EXERCISE INPUTS:
___

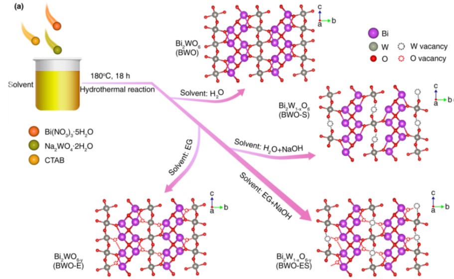 中國科學(xué)院青海鹽湖研究所輕合金與稀散元素分離課題組根據(jù)鉀鹽浮選藥劑性質(zhì)特點(diǎn),聚焦綠色高效處理的研究需要,結(jié)合高原地區(qū)自然光輻照強(qiáng)度大等優(yōu)勢,優(yōu)化光催化材料缺陷工程改性策略,成功制備金屬/非金屬雙缺陷鉍酸鹽光催化材料,考察其對可見光的吸收利用,并對雙缺陷結(jié)構(gòu)改性鉍酸鹽光催化劑的催化作用機(jī)制開展深入剖析。研究發(fā)現(xiàn),在水熱制備Bi2WO6過程中加入適當(dāng)比例的還原劑(EG)和刻蝕劑(NaOH),可以實(shí)現(xiàn)“一鍋法”在Bi2WO6納米片的中心和邊緣區(qū)域分別構(gòu)筑O缺陷和W缺陷,強(qiáng)化提升鉍酸鹽的催化性能。機(jī)理研究發(fā)現(xiàn):在雙缺陷結(jié)構(gòu)材料(BWO-ES)中,W缺陷作為負(fù)電荷中心,O缺陷充當(dāng)局部的正電荷中心。當(dāng)這些帶相反電荷的缺陷在晶格不同位置建立時(shí),使Bi2WO6材料的靜電偶極距由本體材料(BWO)的1.54 D提升至BWO-ES的48.15 D,促使材料的內(nèi)建電場強(qiáng)度提升2.74倍,為光生電子-空穴對的有效分離提供了內(nèi)部驅(qū)動力,從而抑制光生載流子的復(fù)合,表現(xiàn)的瞬態(tài)熒光壽命由BWO的1.61 ns提升至BWO-ES的2.63 ns。此外,O缺陷的構(gòu)筑降低了材料的帶隙(2.78 ev→2.54 eV),拓展了材料的光響應(yīng)范圍(446 nm→488 nm)。在可見光(λ≥400 nm)照射下,BWO-ES對十八胺(ODA)和十二烷基嗎啉(DMP)的降解速率分別達(dá)到13.31 mg/L·h和14.40 mg/L·h,是本體BWO材料降解速率的3.64倍和3.59倍,可實(shí)現(xiàn)鹽溶液中ODA、DMP的完全礦化。
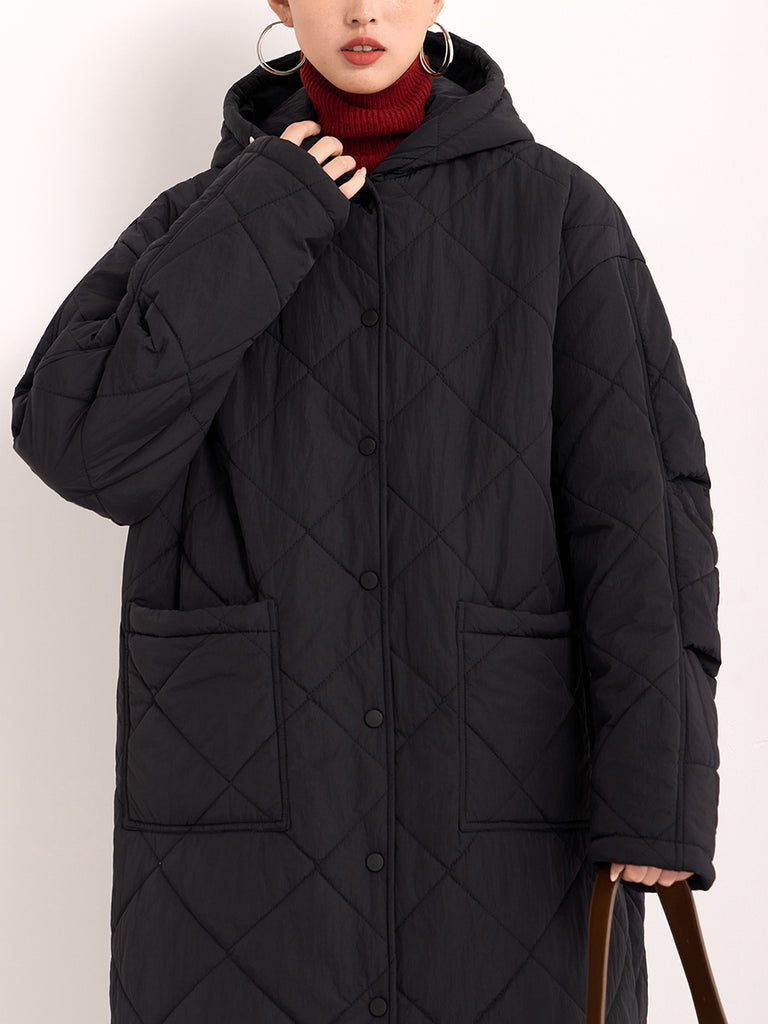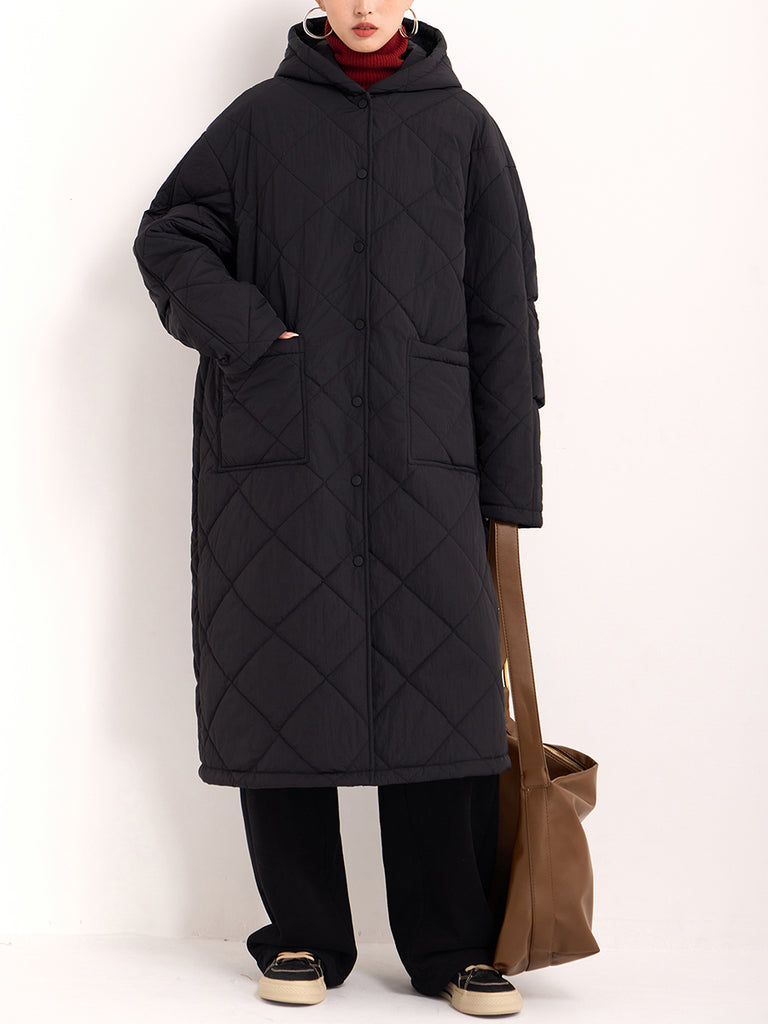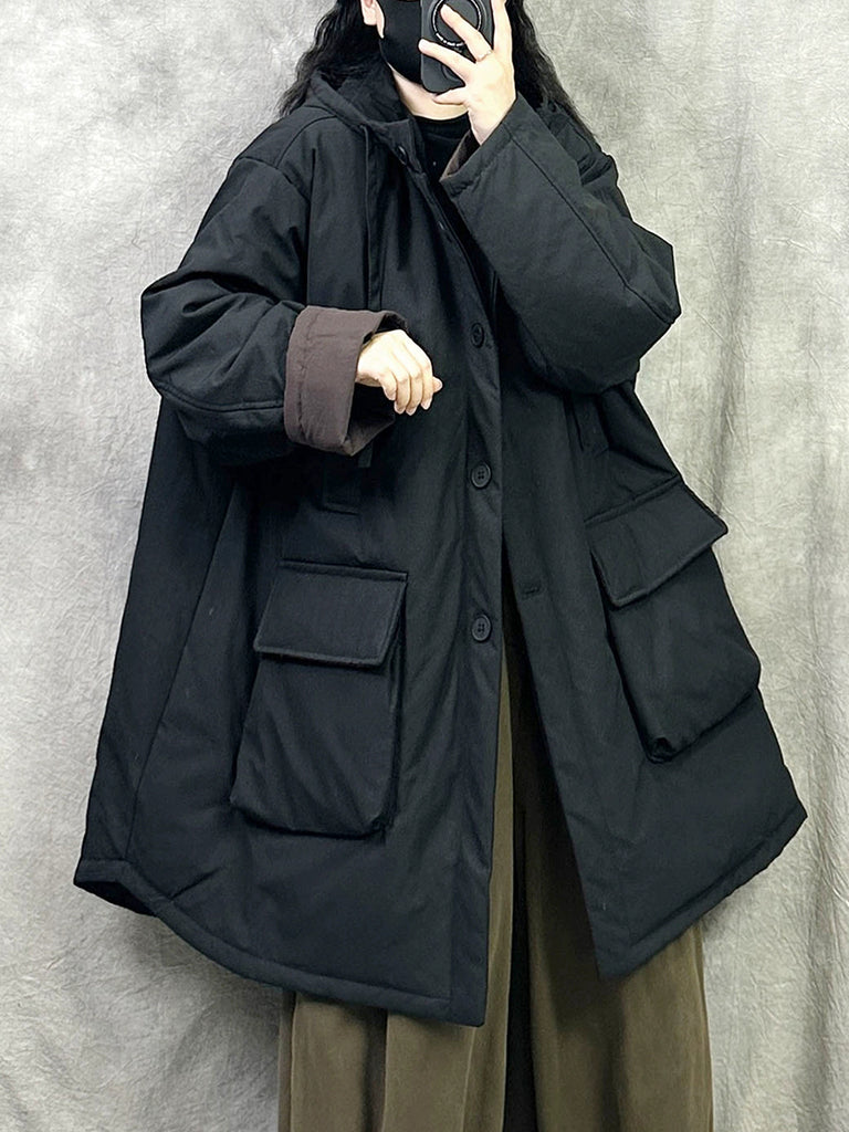 Women Vintage Winter Pure Color Hooded Padded Overcoat
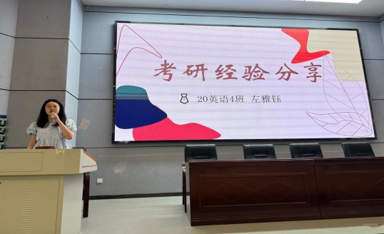 21级874英语班刘思雨同学通过结合自身的相关经历进行讲述,提倡大家多尝试、多发现、不断发展自身综合素质,倡导根据自身能力合理设立目标。并针对专四、教资等提出了有效的学习策略,强调积累与个性化备考。同时,她提醒同学们理解问题的本质,深度发展。针对自身优势,取长补短,灵活地应对挑战是解题的关键。
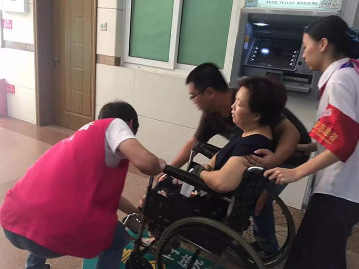 8月22日上午,一位阿姨被家人搀扶进门诊大厅,脸色发白,大汗淋漓,意识模糊,家属着急得不知所措。志愿者李志爽见状立即上前帮忙搀扶,配合导诊员将患者扶上轮椅,立即将患者送到急诊科就诊,为患者赢得了宝贵的救治时间。患者的病情逐渐稳定后,着急的家属也终于放下了悬着的心,激动地对医护人员和志愿者连声道谢。
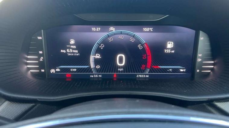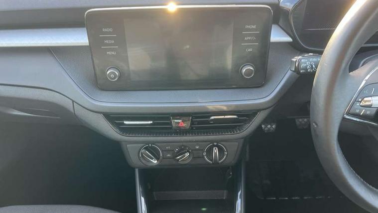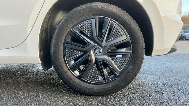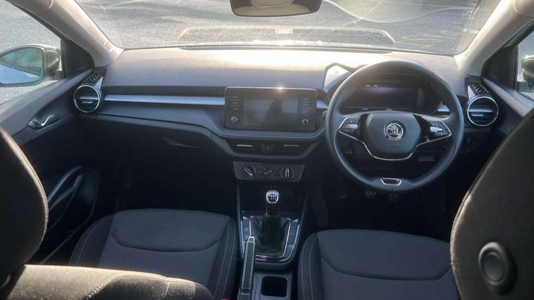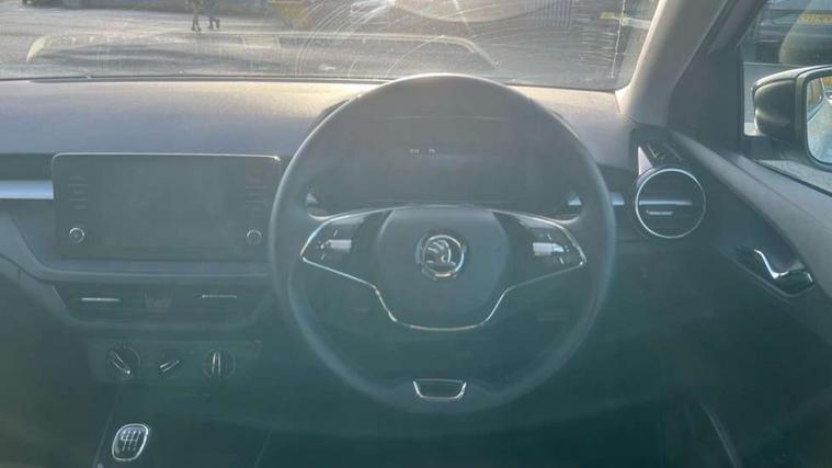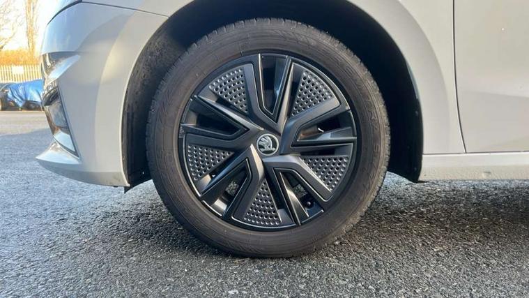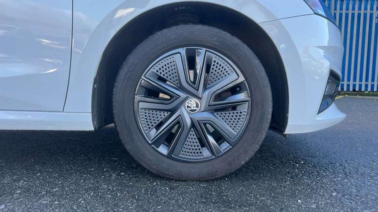 Anodized cross line upper decorative trim, Colour Edition air vents, Grain satin black central console cover, Grain satin black lower decorative trim, Satin black door and side trim panel in front, Anti-theft wheel bolts protection, Super-low rolling resistance tyres, Anti-theft alarm system including immobiliser, interior monitoring, backup horn, and towing protection, 2x USB-C in the front (for data transmission and charging), 6 Speakers (4 in front and 2 in rear), Auxiliary socket for external MP3 player, Bolero radio with 8" colour display, DAB digital radio reception, 3-point height adjustable front seats belts with pretensioner and force limiter, Automatic warning lights in case of crash, Driver and passengers airbag with switch off function, e-Call+, ESC including ABS, MSR, ASR, EDS, HBA and XDS, Front and rear seat belt warning, FRONT ASSIST (AEB City and AEB Inter Urban), Front side airbags, Head airbags, One tone horn, Pedestrian protection, Three rear 3-points safety seat belts with pretensioner and force limiter including stop function for outer rear seat belts, Tyre pressure monitoring system, Basic rear light, Body coloured bumpers, Dimming rear view mirror with black frame, Door mirror integrated indicators, Electrically adjustable and heated door mirrors, Electrically adjustable front windows with function auto up/down, Front window wiper intermittent control, Headlight range control - Automatic, Ice scraper in fuel cap, LED daytime running lights with coming and leaving home feature, Mechanical adjustable rear windows, Privacy glass, Rear LED fog light, Rear side wing doors, Rear window wiper with washing nozzles, Roof mounted spoiler, SKODA tailgate lettering in chrome, Third brake light, 3 rear headrests, Backrest split and folding, Central console with fixed cup holder and storage box, Chrome handbrake release button, Fabric upholstery, Gearshift knob/handle in leather, Grain satin black interior door handles, Hand brake lever handle in leather, Height adjustable front headrests, Height adjustable steering wheel, ISOFIX and TopTether anchorage points to the outer rear seats, ISOFIX and TopTether on the front passenger seat, Luggage compartment lighting, Pollen filter, Rear seat bench unsplit, Single front passenger seat, Storm grey headlining, Sun visors with mirror and airbag label on passenger side, Ticket holder, Umbrella in drivers door, Bluetooth connection, Driver alert system - DAS, Electromechanical power steering, Exterior temperature gauge, Lane assist including road edge detection, Service interval indicator, Virtual cockpit with 10.25" colour display,
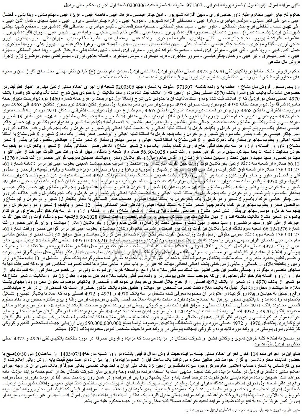 ارزیابی دستور فروش مال مشاع ؛  عطف به پرونده کلاسه  971307  مثبوت به شماره جدید 0200306 شعبه اول اجرای احکام مدنی اردبیل مبنی بر اظهار نظرثبتی در خصوص ششدانگ یکباب کاروانسرا پلاک 4970 اصلی بخش دو اردبیل که از املاک ثبت شده بوده و سند مالکیت ان با حدودی بدین شرح  ششدانگ یکباب کاروانسرا پلاک 4970 اصلی بخش دو اردبیل که از املاک ثبت شده بوده و سند مالکیت ان با حدودی بدین شرح (شمالا اول دیواریست براهرو خانه شماره 1460 دوم دیواریست بدیوار خانه نامبرده شرقا اول دیواریست بخانه 4950 دوم دیواریست بسرای 4953 سوم بدیوار سرای نامبرده جنوبا اول بدیوار دکان 4946 دوم بدیوار دکاکین 4965 الی 4968 سوم دیواریست اشتراکی با دکان 4968 چهارم در دو قسمت دیواریست اشتراکی با دکان 4965 پنجم بشارع غربا اول دیواریست اشتراکی با دکان 4971 دوم در سه قسمت بدیوار حمام 4972 سوم جنوبی بدیوار حمام مذکور چهارم به پیاده رو خیابان شاه) بنام یعقوب غیبی مقدار 44 شعیر و سه پنجم یکفلس مشاع و سید محمد سیدی بمقدار 19 شعیر و سیزده سی و ششم یکشعیر مشاع و عصمت صدر جمالی مقدار یکشعیر و یازده دوازدهم یکشعیر به انضمام ثمنیه یکپنجم سه شعیر و ده دوازدهم یکشعیر و محمد حسینی چاکر عباسی بمقدار یک سوم پنج شعیر و دو خردل و یکپنجم خردل به استثنا ثمنیه اعیانی و به انضمام ثمنیه اعیانی پنج شعیر و دو خردل و یک پنجم خردل و قدیر علاف اکبری و امین چاکر عباسی هر کدام بمقدار یک سوم پنج شعیر و دو خردل و یک پنجم خردل به استثنا ثمنیه اعیانی و ابوالحسن صدر بمقدار یک دهم 6 شعیر و 9 فلس مشاع به استثنا ثمنیه اعیانی و یعقوب مهاجری بمقدار یک دهم 6 شعیر و 9 فلس مشاع به استثنا ثمنیه اعیانی و موسی مهاجری بمقداز 6 شعیر مشاع و عبدالعلی مقصود نیازی بمقدار 4 شعیر مشاع و داور و  افسانه و ارزو هر سه بنام خانوادگی حاج نوری هرکدام بمقدار یک سوم 2 شعیر مشاع و نادعلی صدر الممالکی بمقدار 9 شعیر و یکخردل و دو پنجم سه خردل مالکیت داشته اند بعدا سید محمد سیدی برابر گواهی حصر وراثت شماره 1028-56.30 صادره از شعبه 3 دادگاه اردبیل  فوت وراث حین الفوت عبارتند از علی اکبر و سید مرتضی و سید مجید و میهن دخت و سیمین دخت ( فرزندان) و اقدس خانم (عیال) و بانو تکذبان (مادر ) میباشند همچنین بموجب گواهی حصر وراثت شماره 1276-66.12 صادره از شعبه سه دادگاه اردبیل بانو تکذبان فوت وراث حین الفوت عبارتند از پور اندخت و اشرف خانم میباشند همچنین یعقوب غیبی نیز برابر دادنامه شماره 61-1369.01.25 صادره از شعبه فوق الذکر فوت وراث حین الفوت عبارتند از شهناز و حوریه و زهرا و رویا و سیاره و عزیزه و فاطمه و رقیه و تهمینه و فرحناز و عادل و تقی و فاضل و غفور و جابر (فرزندان) و امینه پیر الماسی (عیال) میباشند همچنین ششدانگ یکباب حمام پلاک 4972 اصلی که حدود ان بدین شرح (شمالا دیواریست به کاروانسرای 4970 شرقا در سه قسمت دیواریست به کاروانسرای مرقوم فاقد حد جنوبی میباشد غربا درب و دیواریست به پیاده رو خیابان شاه ) میباشد یعقوب غیبی بمقدار 39 شعیر و سه خردل و پنج فلس و یکدهم یکفلس مشاع و سید محمد سیدی بمقدار 19 شعیر و 4 خردل 9 فلس و بیست و هفت چهل و پنجم فلس مشاع و محمد حسین چاکر عباسی بمقدار یک سوم پنج شعیر و دو خردل و یک پنجم خردل به استثنا  ثمنیه اعیانی و به انضمام ثمنیه اعیانی پنج شعیر و دو خردل و یک پنجم یکخردل و قدیر علاف اکبری و امین چاکر عباسی هرکدام یکسوم 5 شعیر و دو خردل و یک پنجم خردل به استثنا ثمنیه اعیانی و عصمت صدر الممالکی به مقدار یکهفتم 13 شعیر و دو خردل و نیم مشاع و ابوالحسن صدر و یعقوب مهاجری هر کدام یکدهم چهار شعیر مشاع به استثنا ثمنیه اعیانی و نادعلی صدرالممالکی بمقدار 12 شعیر و یکپنجم 4 شعیر و دو و نیم خردل و دو پنجم سه خردل و موسی مهاجری بمقدار شش شعیر مشاع و عبدالعلی مقصود نیازی بمقدار 4 شعیر مشاع و داور و افسانه و ارزو و هر سه بنام خانوادگی حاج نوری هرکدام یکسوم دو شعیر مشاع مالکیت داشته اند و از میان مالکین مشاعی سید محمد سیدی برابر گاهی حصر وراثت شماره 1028-56.30شعبه سوم
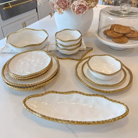 Plato de cena de cerámica Simple Ins moderno con borde dorado para restaurante, Fiesta en Hotel con pastel de fideos de frutas, borde dorado galvanizado

___

WHAT TO DO:
Nothing but the lines above from the one that has "21级874英语班刘思雨同学" down to the one that has "8月22日上午,一位阿姨被家" belongs in the answer, copied exactly, without pictures.

OUTPUT FOR THIS TASK:
 21级874英语班刘思雨同学通过结合自身的相关经历进行讲述,提倡大家多尝试、多发现、不断发展自身综合素质,倡导根据自身能力合理设立目标。并针对专四、教资等提出了有效的学习策略,强调积累与个性化备考。同时,她提醒同学们理解问题的本质,深度发展。针对自身优势,取长补短,灵活地应对挑战是解题的关键。
 8月22日上午,一位阿姨被家人搀扶进门诊大厅,脸色发白,大汗淋漓,意识模糊,家属着急得不知所措。志愿者李志爽见状立即上前帮忙搀扶,配合导诊员将患者扶上轮椅,立即将患者送到急诊科就诊,为患者赢得了宝贵的救治时间。患者的病情逐渐稳定后,着急的家属也终于放下了悬着的心,激动地对医护人员和志愿者连声道谢。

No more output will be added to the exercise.